You said they are 6 months old? 

I am not as good with my breeds as others on here, but I am guessing some dwarf of some kind in them, giving them the short ears and smaller frames. 

Plus they have a pretty big slope on their rear-end which always takes away from their appearance when you are comparing them to champions. that is a confirmation problem and nothing you can do about it. 

They are cute, and have a nice glossy look to their hair coats, your pasture looks very nice.  I wouldn't make any apologies for them, but if you are wanting more a show quality meat goat type you will have to add a couple more to your farm.


----------



## DonnaBelle (Jul 25, 2011)

They look very nice to me.  They may not be show goats but who cares about that???

Everyone can't look like Angelina Jolie either.

If they've got all that brouse and all that pasture, they are certainly in good surroundings.

When we went to Mexico we saw a lot of goats grazing on what looked like to me "plain dirt."

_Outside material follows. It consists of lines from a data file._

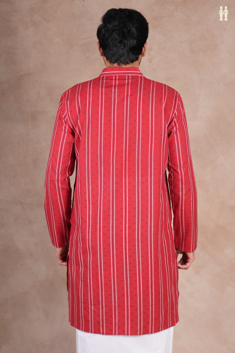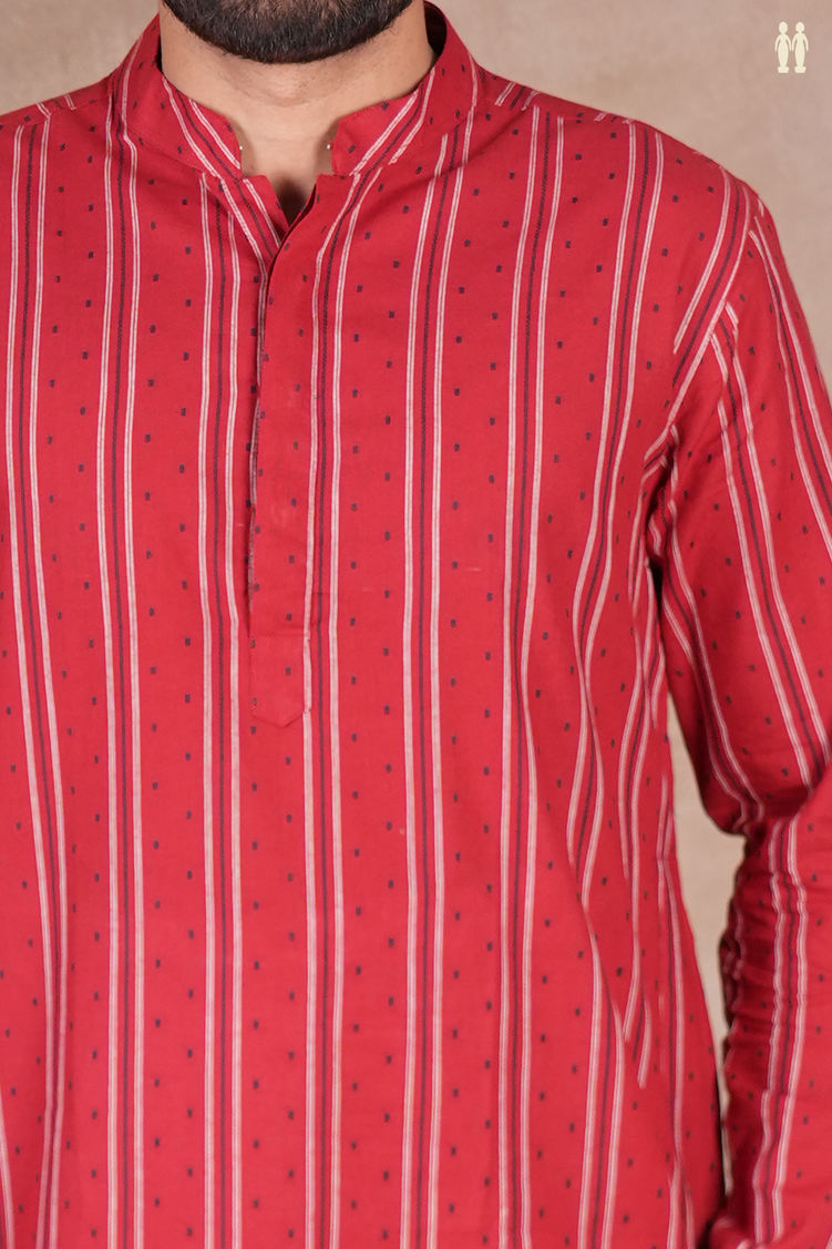 Chinese Collar Stripes Design Red Cotton Long Kurta
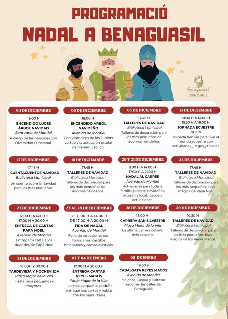 Benaguasil ultima los detalles para sumergirse en el ambiente navideño con una amplia programación organizada por el Ayuntamiento, pensada para todas las edades y que combinará tradición, música, deporte y actividades al aire libre.
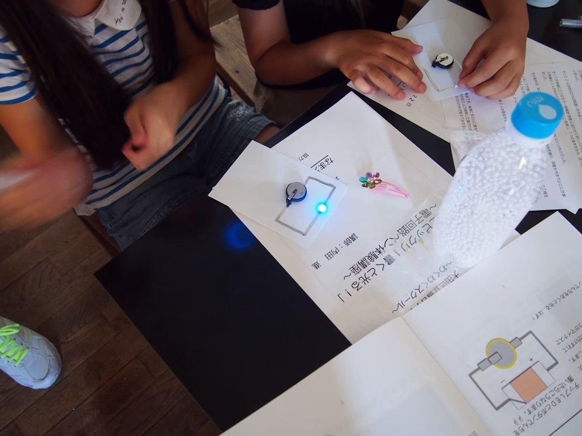 講座では「電子回路ペン」と呼ばれる、紙の上に電気が流れる道を書くことができる特殊な導電性インクペンを使い、電気のしくみを楽しく体験する。自分で書いた線を通じてLEDライトが灯る仕組みを観察しながら、電気回路の仕組みや理科のおもしろさを学ぶ。
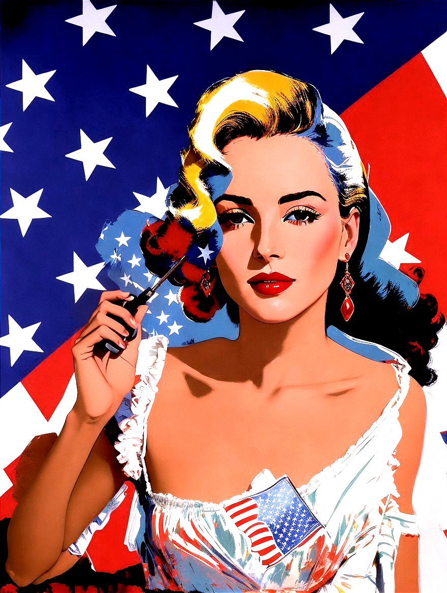 A vintage-style illustration of a woman with blonde hair holding a flower, with a background featuring the American flag and stars.
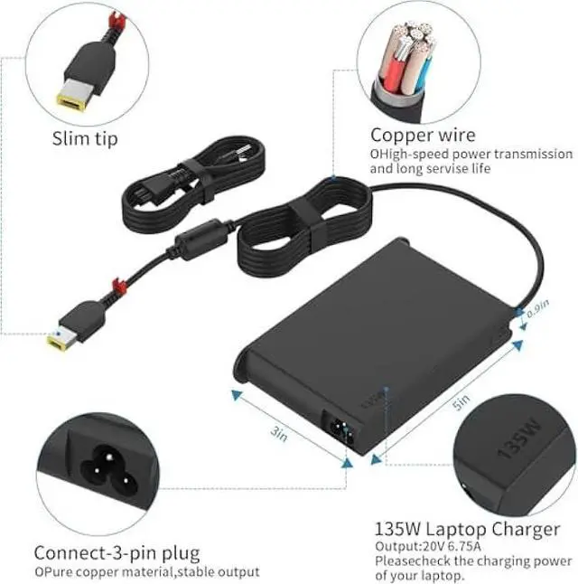 Widely compatible models: Fit for 135w charger T431s, T440, T440p, T440s, T450, T450s, T460, T460p, T460s, T470, T470p, T470s, T540p, T550, T560, T570, T Helix (1st Gen), S1 Yoga 12, S3 Yoga 14, S5 Yoga 15, Yoga 14, Yoga 260, Yoga 370, Yoga 460, W540, W541, W550s, X1 Carbon (3rd Gen), X1 E440, E450, E455, E460, E465, E470, E475, E540, E550, E550c, E555, E560, E560p, E565, E570, E570p, E575, S431, S440, S531, S540, L440, L450, L460, L470, L540, L560, L570, P40 Yoga, P50s, P51s

Supposedly they are very healthy because of the lack of worms.  

DonnaBelle


----------



## aggieterpkatie (Jul 25, 2011)

Uh, I really don't think they need to gain any weight.  Their bony protrusions (like hooks and pins) look to have a good cover over them.


----------



## Chicos Mama (Jul 25, 2011)

Perhaps try adding some calf-manna to their feed. I have been using it here in Arizona with great results!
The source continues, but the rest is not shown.